After the war, Bob began the radio version of Pick a Box, which went to television in the late 1950s. Dolly appeared with him, introducing contestants and being a sidekick to Bob's humour.

==Retirement==
They both retired in 1971, shortly before the last episode of Pick-a-Box was screened.

That year, Bob and Dolly were awarded a Special Gold Logie "in recognition of their contribution to Australian TV".

==Honours ==
Both were listed on the 1971 Queen's Birthday Honours list, with Dolly being appointed a Member of the Order of the British Empire (MBE). Bob was not eligible for a substantive award as he was an American citizen, but he was appointed an Honorary Officer of the Order.
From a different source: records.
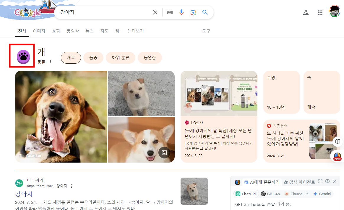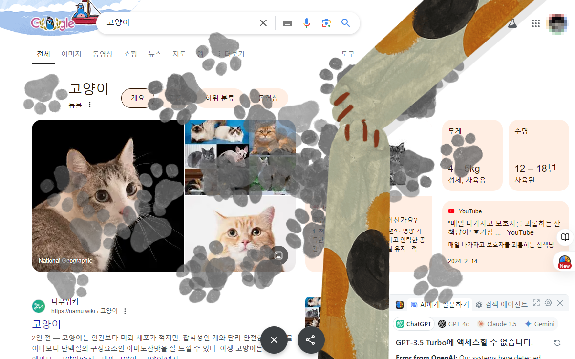 구글 검색창에 'dog', '강아지', 또는 '개'를 입력하고 발바닥 모양 아이콘을 클릭해 보세요. 화면에 강아지 발자국이 나타나며, 귀여운 '멍멍' 소리가 함께 울립니다. 이와 유사하게 'cat' 또는 '고양이'를 검색하고 발바닥 모양을 클릭하면 화면에 고양이 발자국이 찍히며 '냐옹' 소리가 들립니다. 이 작은 재미는 애완동물 애호가들에게 특히 매력적일 것입니다.
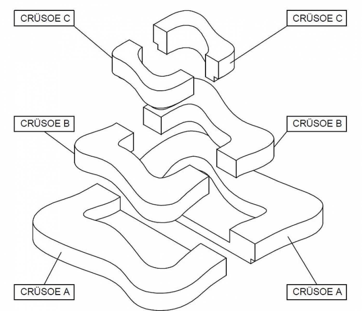 Banca-jardiniera stradala, componibila, model Crusoe, executata din beton arhitectural, poate servi ca suport tip insula pentru elemente vegetale in mijlocul orasului, ocupand spatii la diferite inaltimi.
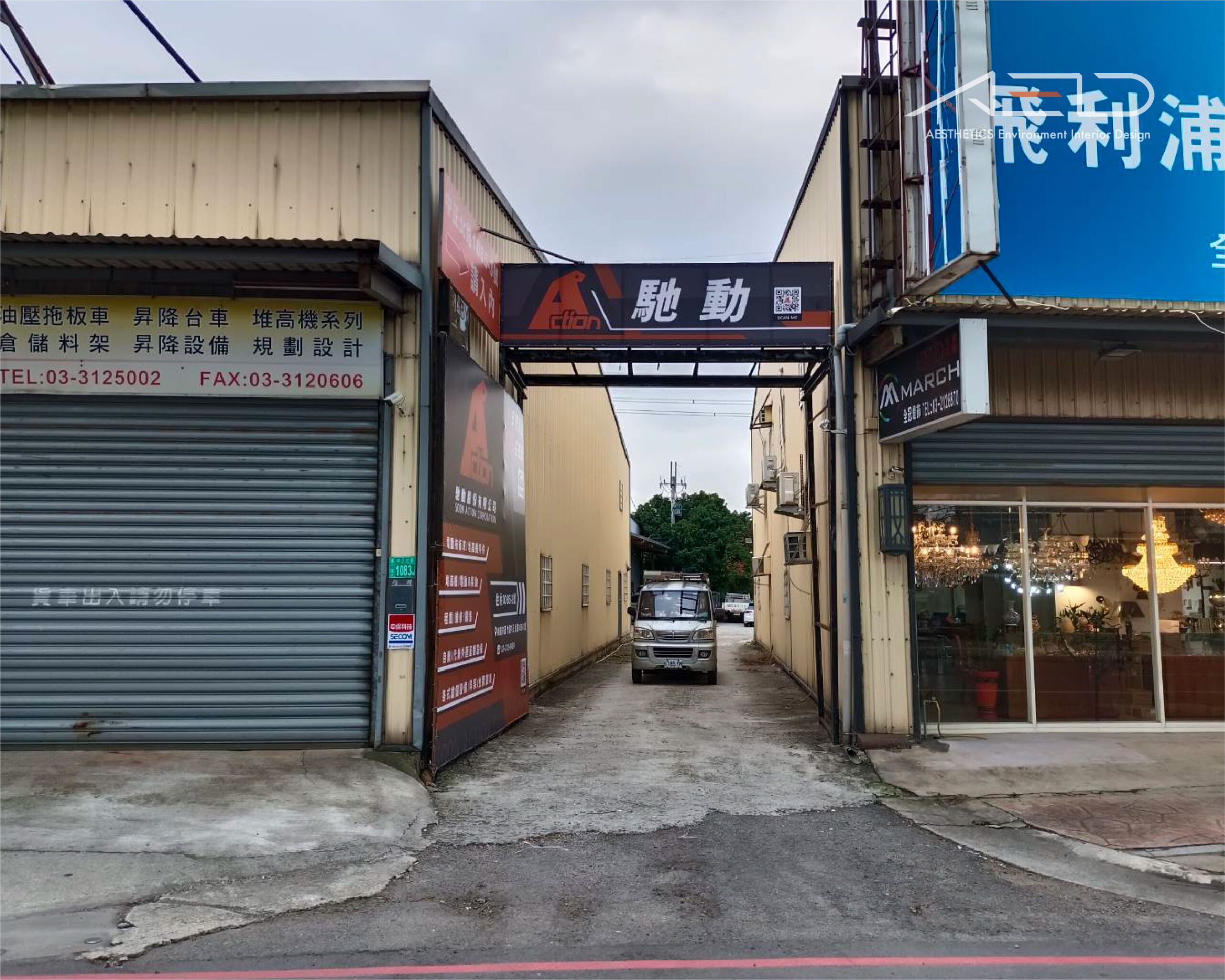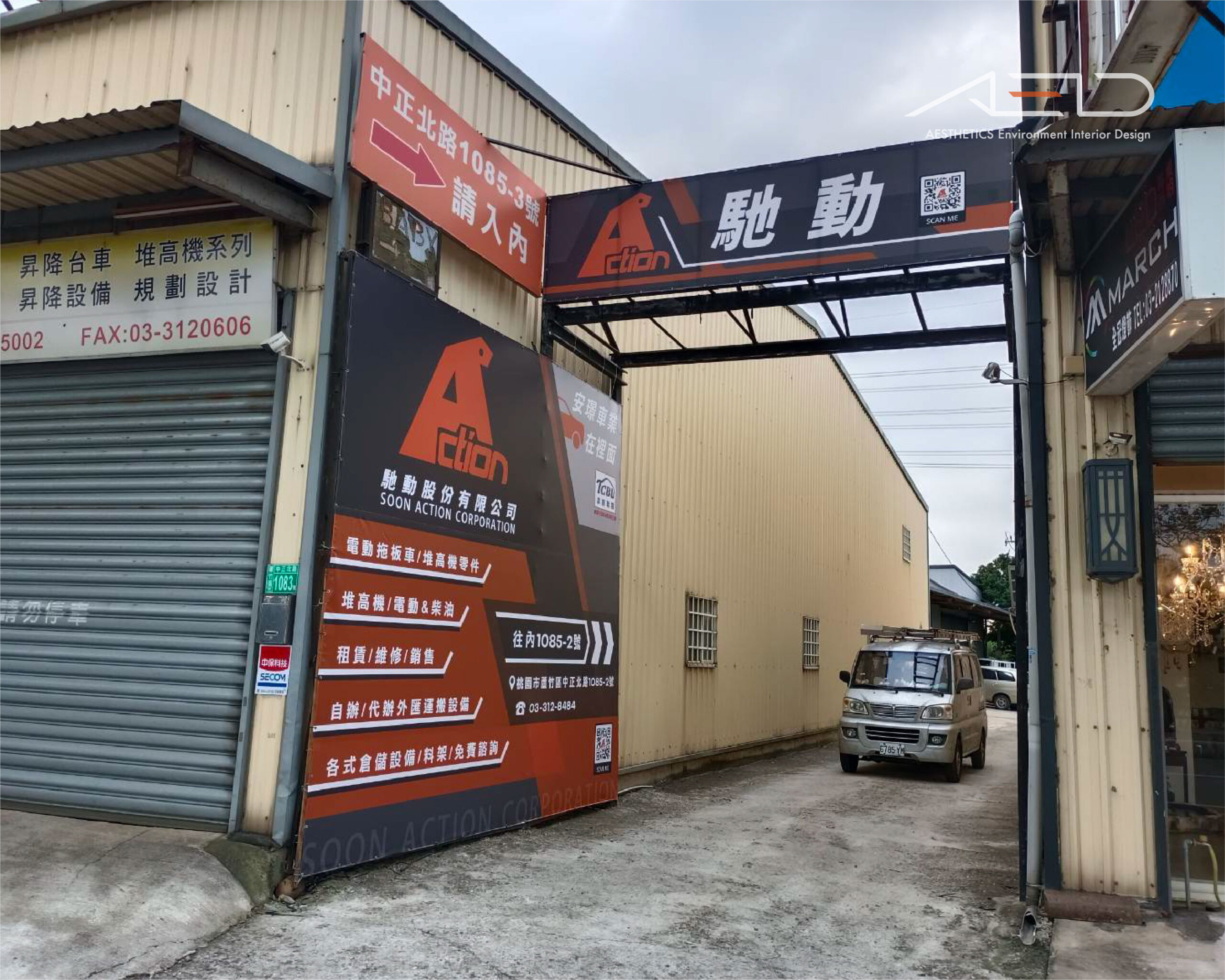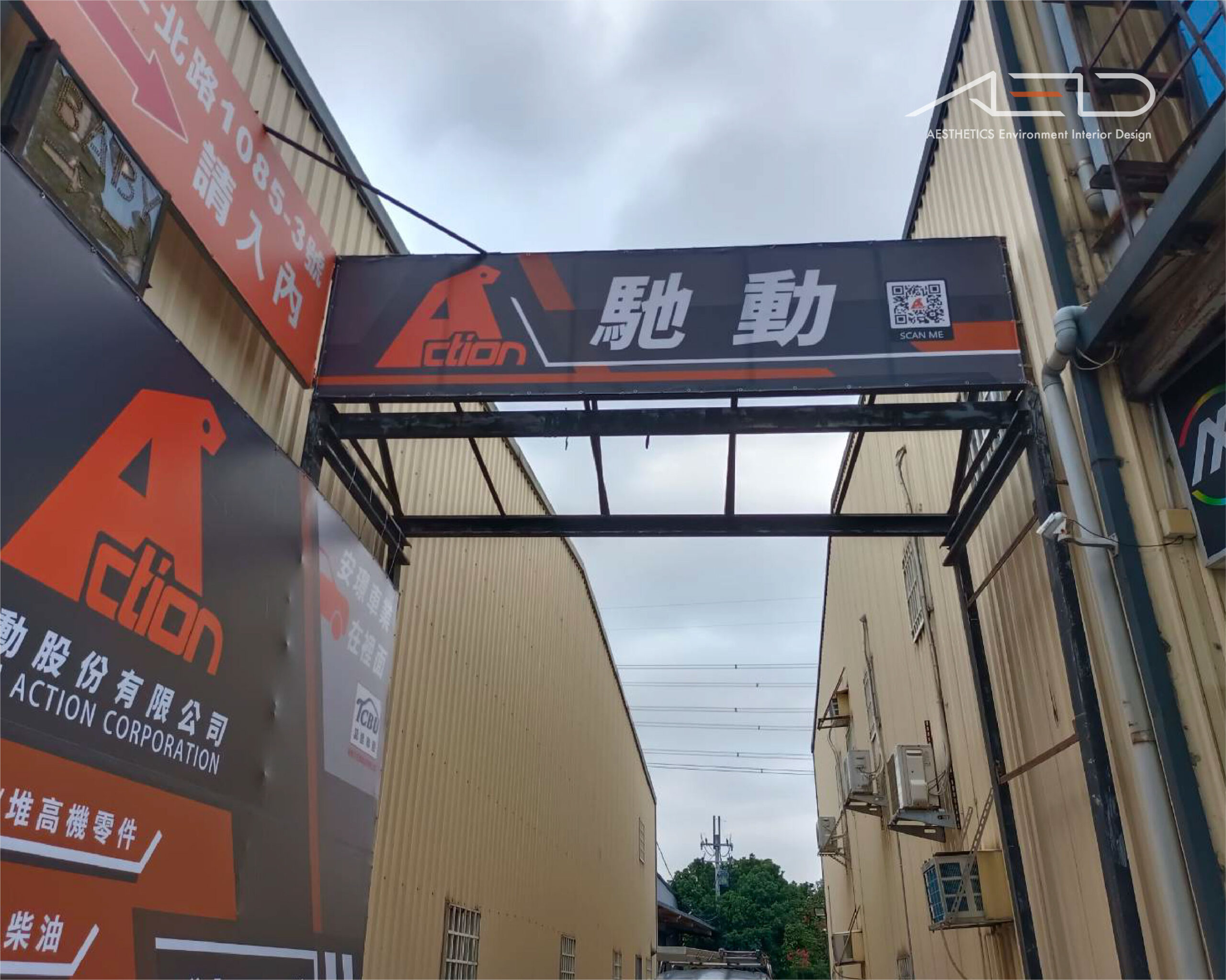 為 ACTION 馳動股份有限公司 規劃廠區入口與外牆形象視覺系統,整合品牌識別、導引資訊與企業形象,建立清晰且具識別度的入口界面。

In retirement, Dolly and her husband found time for their shared love of deep-sea fishing. They both broke several records, with Dolly breaking a 12-year women's record for a black marlin weighing 297 kilograms.

After Bob's death in 1984, Dolly took up dancing, winning several medals for her performances.

==Death==
Dolly Dyer died of a stroke on Christmas Day, 2004. She was 83.